__SOURCE RECORDS__:
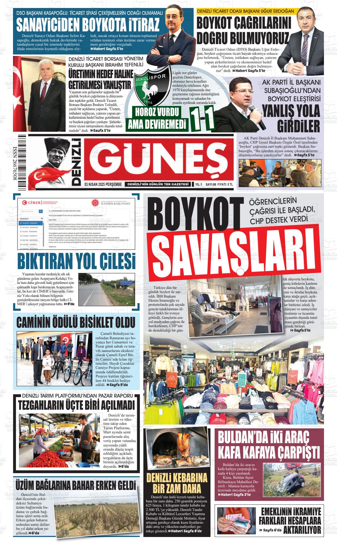 Denİzlİ Yerel Gazeteleri 18 Mart 2026, Çarşamba Günü Manşeti
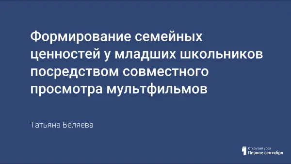 Формирование семейных ценностей начинается с раннего детства, происходит целенаправленно и связано с воспитанием позитивных установок на семью. Детство – самое благоприятное для этого время. Ценности семейной жизни, усваиваемые ребёнком с первых лет жизни, имеют непреходящее значение для человека в любом возрасте. Большую роль в формировании ценностного отношения к семье играет не только сама семья, но и образовательная организация, где учится ребёнок. Воспитание ценностного отношения к семье в условиях общеобразовательной организации – это процесс приобщения учащихся к семейным ценностям, формирования у них смыслов и способов поведения в семье и ценностного к ней отношения. В младшем школьном возрасте формирование ценностных отношений личности связано с подражанием тем моделям отношений, которые ребёнку демонстрирует ближайшее окружение и которые им усваиваются при просмотре телепередач и чтении книг. Одной из форм работы с учащимися начальной школы может стать совместный просмотр мультипликационных фильмов в рамках работы киноклуба.
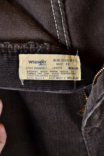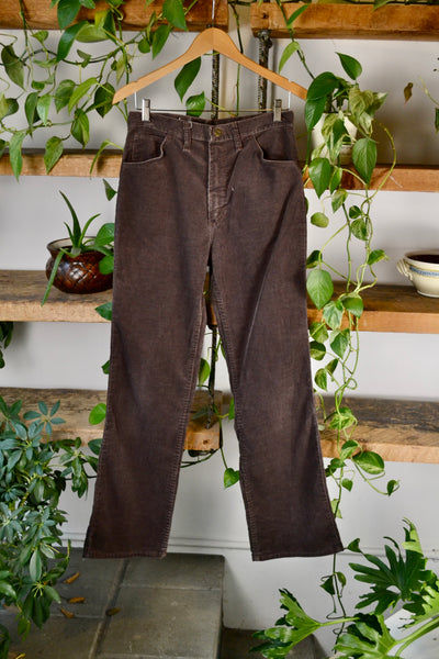 Vintage Seventies Brown Wrangler Cords. Zipper Fly With Button Closure. Mens Regular Fit.
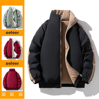秋冬新款棉衣双面穿夹克潮流情侣款休闲百搭立领面包服青少年外套
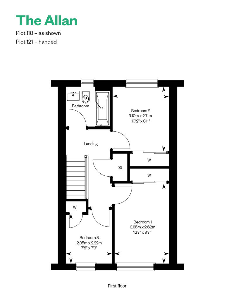 The Allan is a stylish 3 bedroom family home. The ground floor enjoys a spacious open plan kitchen and dining area, complete with French doors and fully integrated appliances. The generous lounge to the front of the home is the perfect space for both entertaining & enjoying some quiet time with friends and family. Upstairs, all 3 bedrooms benefit from fitted wardrobes and a designer family bathroom and additional storage completes the home.
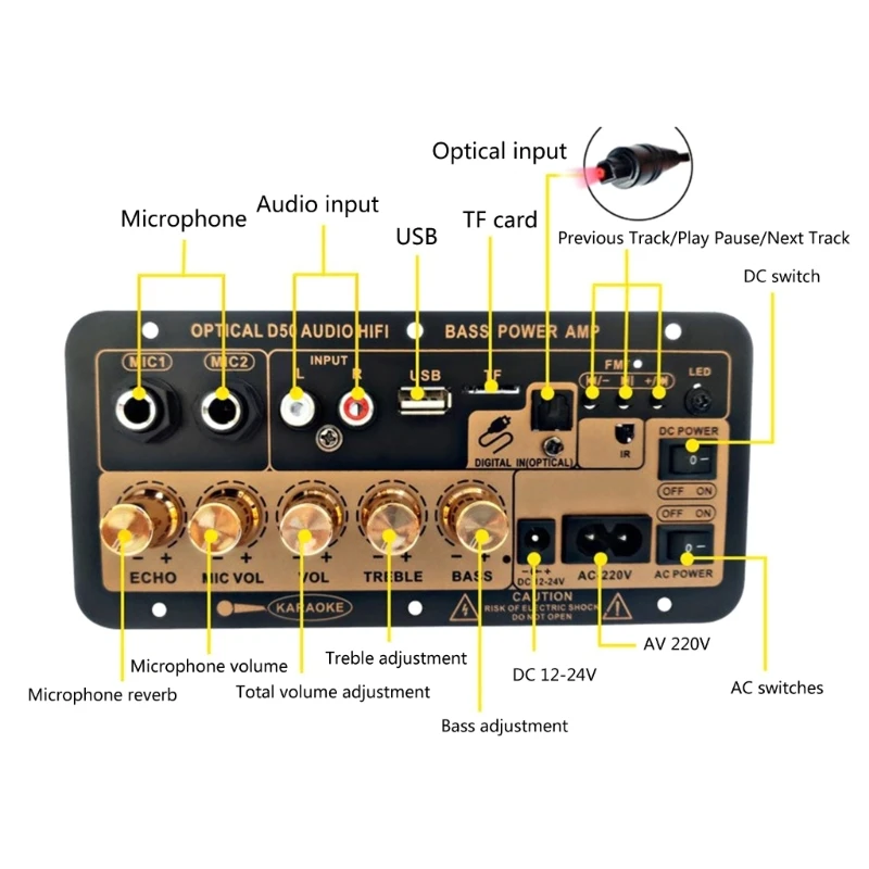 Entrada de micrófono doble, compatible con Bluetooth incorporado y radio.
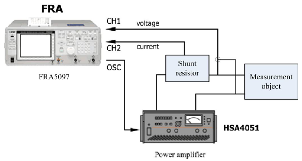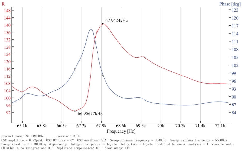 Through the analysis of the dynamic model of the regulator by means of MATLAB, the simulation results allow one to determine the key parameters of the regulator. Using the parameters shown in Table 2, a prototype was fabricated, and its performance was tested experimentally. To verify the analytical and numerical modal analyses of the regulator, an experimental test bench is established primarily to measure the operating frequency of the in-plane bending vibration of the piezoelectric stator, as shown in Figure 14. The test bench includes a frequency response analyzer FRA5097 to generate the excitation signal, a power amplifier HSA4051 to amplify the signal to excite the stator, and both instruments are products of the NF Company. The output voltage and current of the stator are measured simultaneously by the analyzer to obtain the frequency response of the impedance. The impedance-frequency characteristic of the piezoelectric stator measured in the experiment is shown in Figure 15.

__TASK__: Please repeat the lines of the material above exactly, starting with the line that contains "The Allan is" and ending with the line that contains "Entrada de micrófono". Leave the pictures out.

__ANSWER BOX__:
 The Allan is a stylish 3 bedroom family home. The ground floor enjoys a spacious open plan kitchen and dining area, complete with French doors and fully integrated appliances. The generous lounge to the front of the home is the perfect space for both entertaining & enjoying some quiet time with friends and family. Upstairs, all 3 bedrooms benefit from fitted wardrobes and a designer family bathroom and additional storage completes the home.
 Entrada de micrófono doble, compatible con Bluetooth incorporado y radio.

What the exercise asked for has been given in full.